Britain joined the United States in the 2003 invasion of Iraq, which was carried out to “disarm Iraq of weapons of mass destruction.” No such arms were ever found. The invasion inflicted a major loss upon the lives of Iraqi people.
Since early June 2014, Iraq has faced a brutal offensive by the ISIS across its north and west. However, the crisis has deteriorated in recent weeks, as the militants swept over new towns in the north, forcing members of the minority Christian and Izadi communities out of their homes.
Tens of thousands of Yazadi Kurds escaped to take refuge in the Sinjar Mountain range, becoming trapped for days without food or water.
“Clearly there is an absolutely desperate situation in Iraq, particularly on this mountainside,” Cameron said, adding, “But we need a plan to get these people off that mountain and get them to a place of safety.”

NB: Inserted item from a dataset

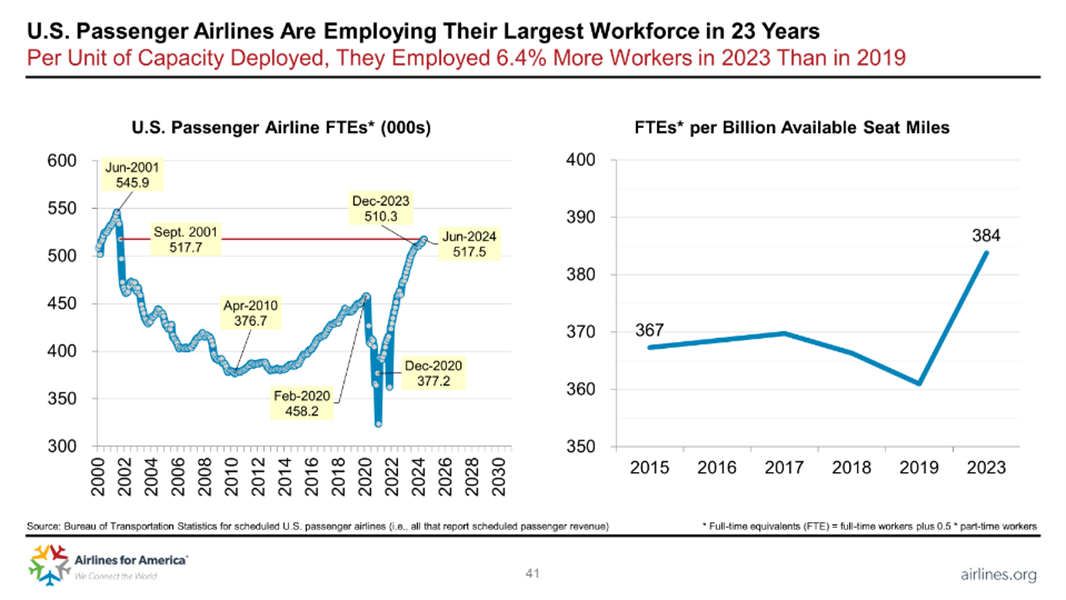 航空業界の米国経済に対する重要性についてより大きな見解を示すために、このセクターは1,000万人の雇用をサポートし、2023年の1.37兆ドルに相当する米国GDPの5%を推進しています。

According to reports by British newspapers The Times and The Guardian, British special forces have already arrived in Iraq.
London has also dispatched Tornado fighter jets to Cyprus to be ready if needed to provide surveillance support for the aid effort, while two Chinook helicopters are on standby to help with the humanitarian operation.
Cameron’s office said in a Tuesday statement that Britain has decided to arm Kurdish forces battling ISIS militants by transporting military supplies from other states.